The Court acknowledged that this was a course the Tribunal might have chosen to take. That it did not do so did not, however, amount to serious irregularity. Seacrest had had a reasonable opportunity to advance its new case on the exchange rate issue by complying with the procedural directions that had been given. There was nothing unfair or irregular about the course which the Tribunal took, leaving it as they did to the parties to apply to amend if they wished to advance a new case, but otherwise proceeding on the basis of the case set out in the memorials.

The Court added that even if this were wrong and there had been serious irregularity, there was no substantial injustice to Seacrest because the Tribunal would have reached the same conclusion in any event.

Finally, the Court dismissed Seacrest’s contention that the Article 38 Decision was not binding on them because it was not an award.
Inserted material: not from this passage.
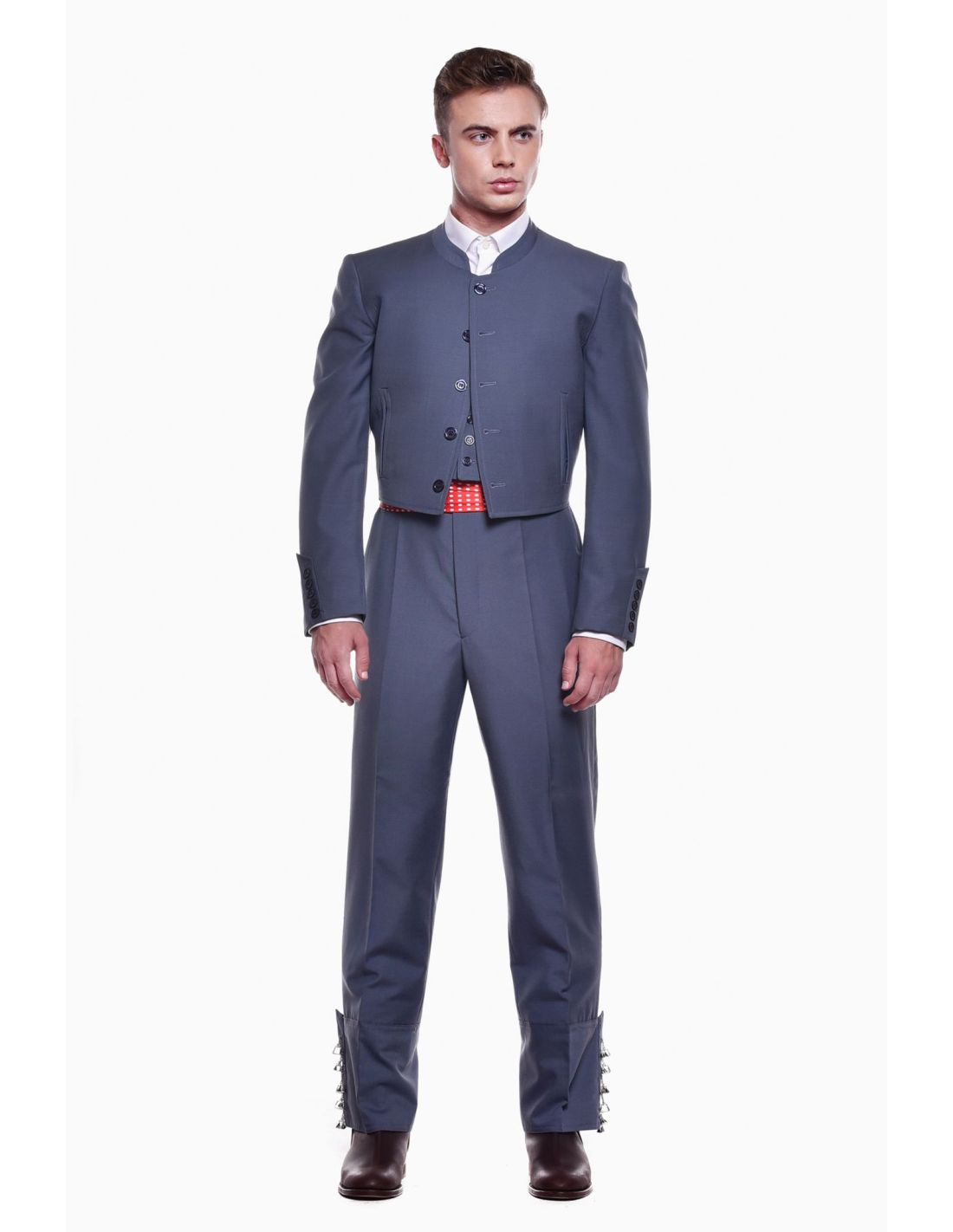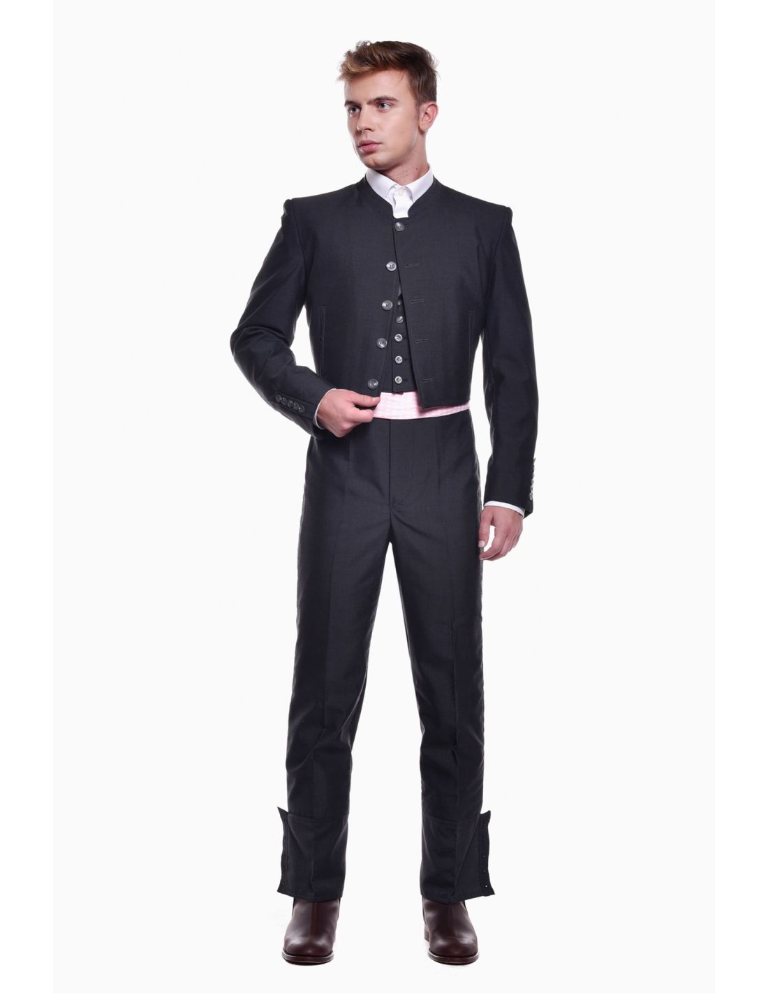 Traje Campero Completo Alpaca Traje Corto Hombre, este traje campero completo alpaca es de 3 piezas (chaqueta + chaleco + calzona de caireles) en tejido de alpaca, botón nacar o jaspeado. Chaqueta y chaleco con forro de satén, calzona forrada en blanco a pierna completa. Traje indivisible, se sirve de una pieza.
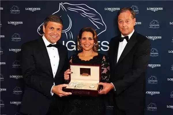 浪琴表全球副总裁兼市场总监胡安·卡洛斯·卡佩里先生,2015“浪琴表女士大奖”得主哈雅公主殿下,浪琴表全球副总裁兼销售总监查尔斯·维洛兹先生

In the Court’s view, the Article 38 Decision had legal effect as a decision reached pursuant to a process agreed by the parties in accordance with the UNCITRAL Rules applicable to the arbitration even though the product of the process does not form part of the award.

Comment

This decision reflects the high threshold for successfully challenging an arbitral award on the ground of serious irregularity leading to substantial injustice.

Parties to an arbitration should make sure that they adequately address all issues in dispute early on in the arbitral proceedings and should avoid raising new arguments late in the day.